An important related thread has been reconstruction of the prior ecological roles of extant, endangered species through study of their Pleistocene or Holocene fossils. My students and I have a number of ongoing projects on seals and sea lions, lemurs, condors, and wolves. In some cases, our work has shown that species behaved very differently in the recent past. We've tried to understand why behaviors have changed, and whether or not species might be able to recover their lost ecological potential.

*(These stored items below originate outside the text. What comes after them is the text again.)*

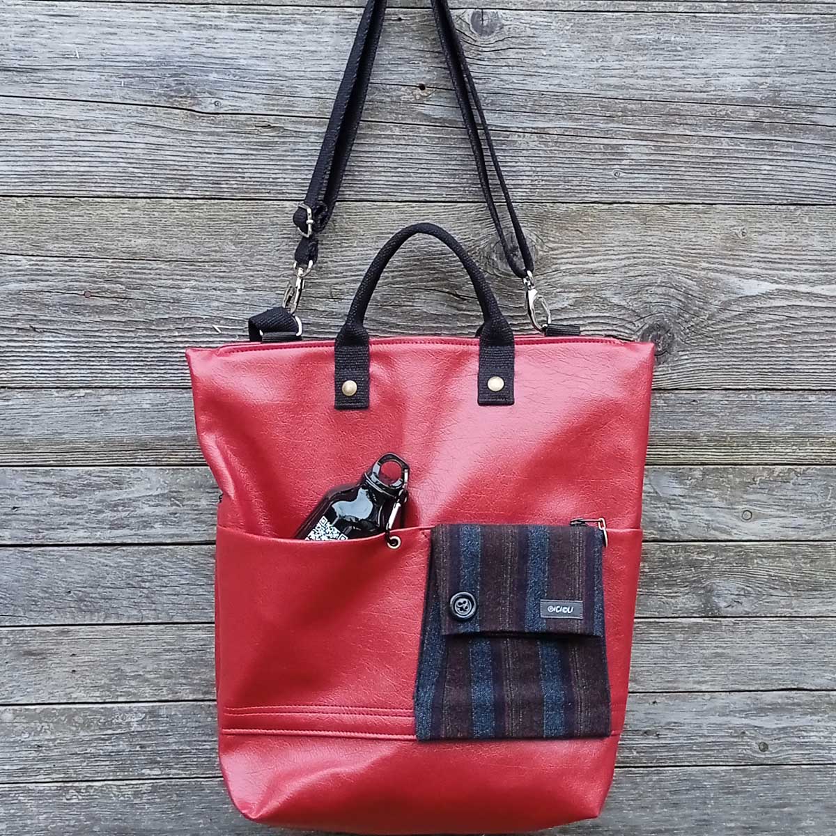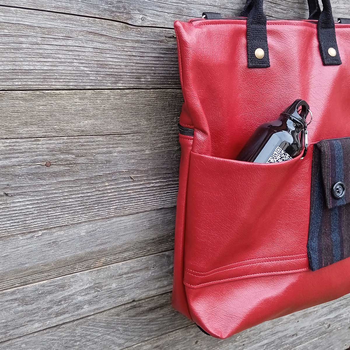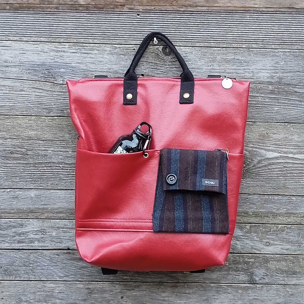 Sul davanti vi è una tasca ricavata da una manica di giacca resa sicura dalla chiusura a zip e altre 2 tasche aperte, in una di queste è inserita una borraccia in alluminio da 400ml che contiene le indicazioni per poter raggiungere la fontana più vicina a te!
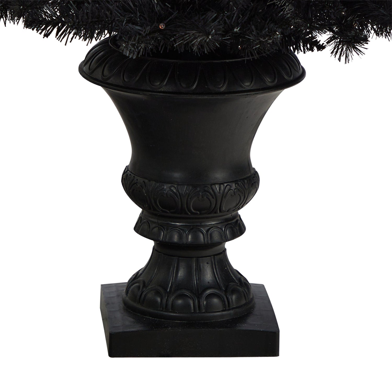 Happy Halloween! Invite the ghosts, goblins, and everything in between with this Black Halloween Artificial Christmas Tree. Be extra scary and mysterious, with black needles, displaying a full silhouette. Crafted from high-quality materials and accented by 100 orange LED lights, this faux Halloween Christmas tree will be the center of attention during holiday parties. Standing 4', from an urn (included in height), add your favorite scary ornaments. Perfect for a Halloween party in any setting.
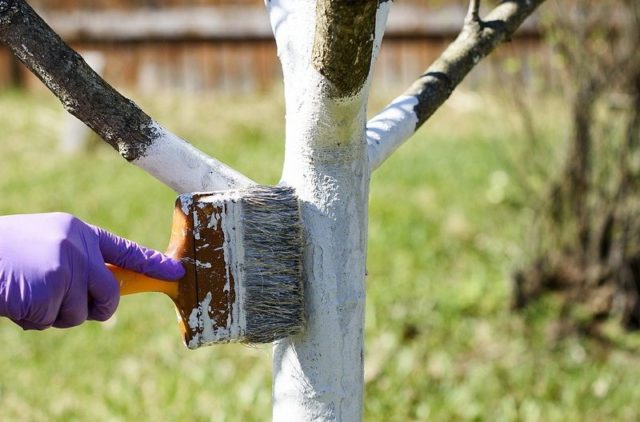 Per blanquejar, s’utilitza tradicionalment un morter de calç amb addició de sulfat ferrós. Els cirerers adults es blanquegen fins a una alçada d’uns 1,5 m i les plantes joves fins que el tronc principal es bifurca.
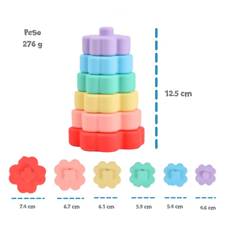 PAPU BABY Juguete en Forma de Flor apilable y de construcción 100% de silicón Grado alimenticio. Juguete para bebés y niños Estilo Montesori. Torre apilable. Stacking Tower. Libre de BPA (Básicos)
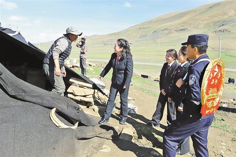 在广袤的草原深处,牧民群众的黑帐篷与成群的牛羊构成人与自然和谐共生的画卷。措美县人民法院干警来到放牧点,围坐于牧民群众间,用通俗易懂的语言打开话匣子。“大叔,您看这草场上的植被,要是过度放牧,来年就长不出这么好的草了,牛羊没了口粮,咱们的日子也受影响不是?”
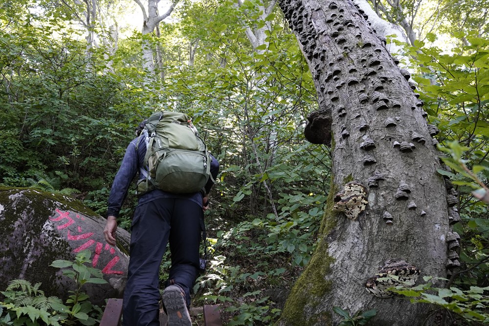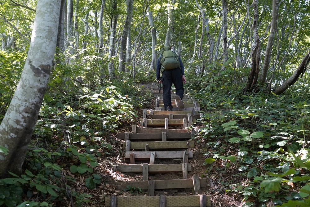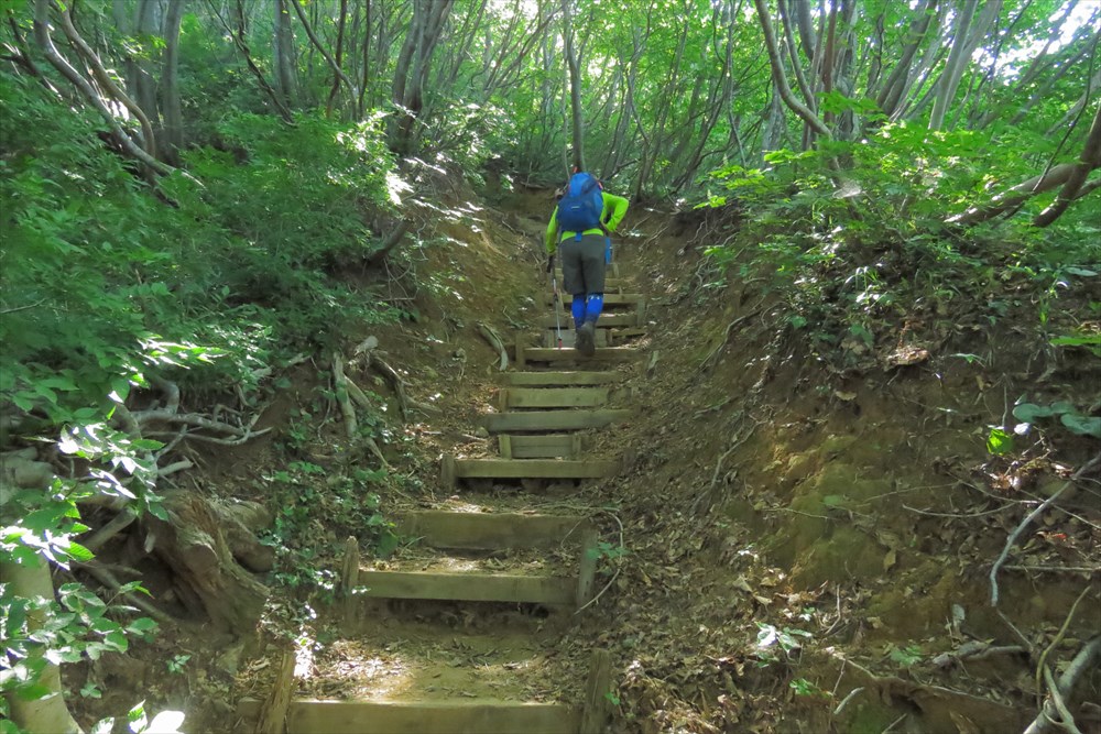 | 登山道が土砂流出で堀切にならないよう木階段が整備されている | ||||
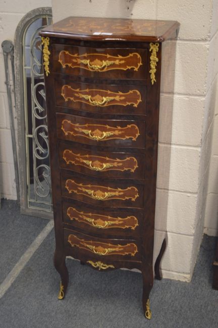 A FRENCH STYLE MARQUETRY AND ORMOLU MOUNTED SEMAINIER.
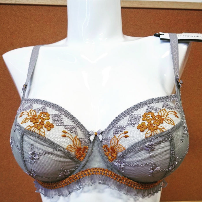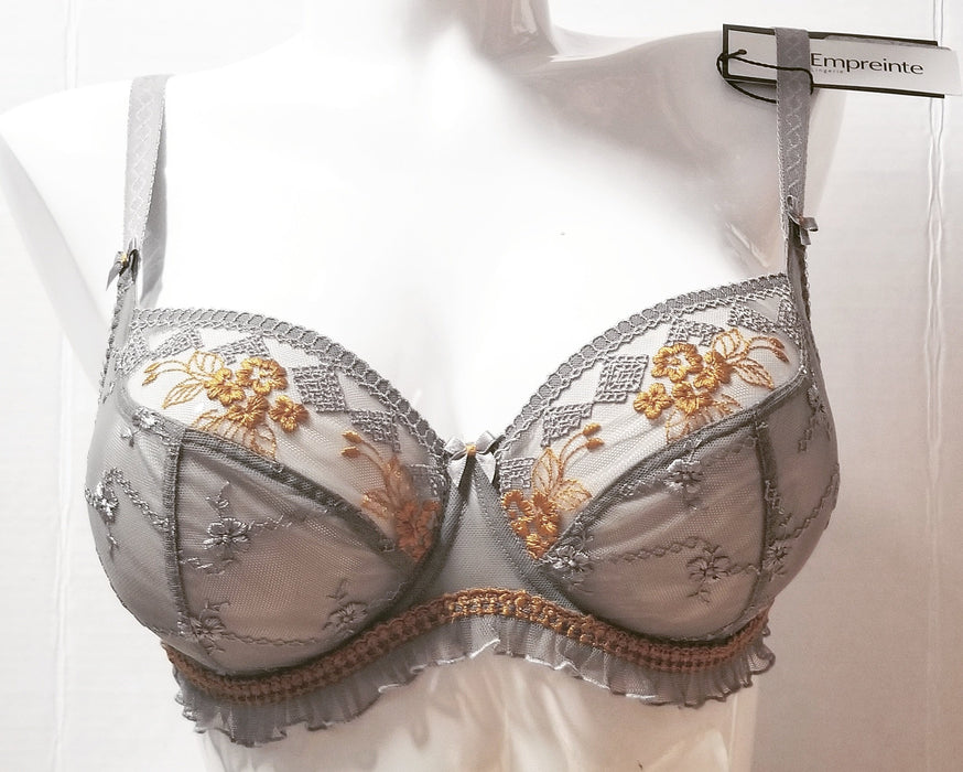 Another beautiful bra by Empreinte, Rafaela in a balconette. This hard to find beauty will not disappoint, with lace along the bottom of the bra and three small bows that add finesse. Comfort and support are always a given with Empreinte. Color - Light Grey. Style 08118.

Finally, a great deal of work in my lab is now devoted to ecological studies of modern animals. In some cases, these studies are designed as "ground-truthing" excercises to set the stage for paleoecological studies. In a growing number of cases, however, there are no "paleo" connections. Rather, ecologists studying modern species have discovered that the biogeochemical methods developed to study ancient animals can provide insights into the ecology of living species, especially ones with behaviors or habitats that make them hard to observe or track (e.g., migratory birds, marine mammals, deep forest species). This began with my early work on the ecology of living elephants, but has expanded greatly in recent years, especially in the work of my graduate students and colleagues, to include African carnivores, lemurs, sharks, bears, and many different kinds of seals and sea lions.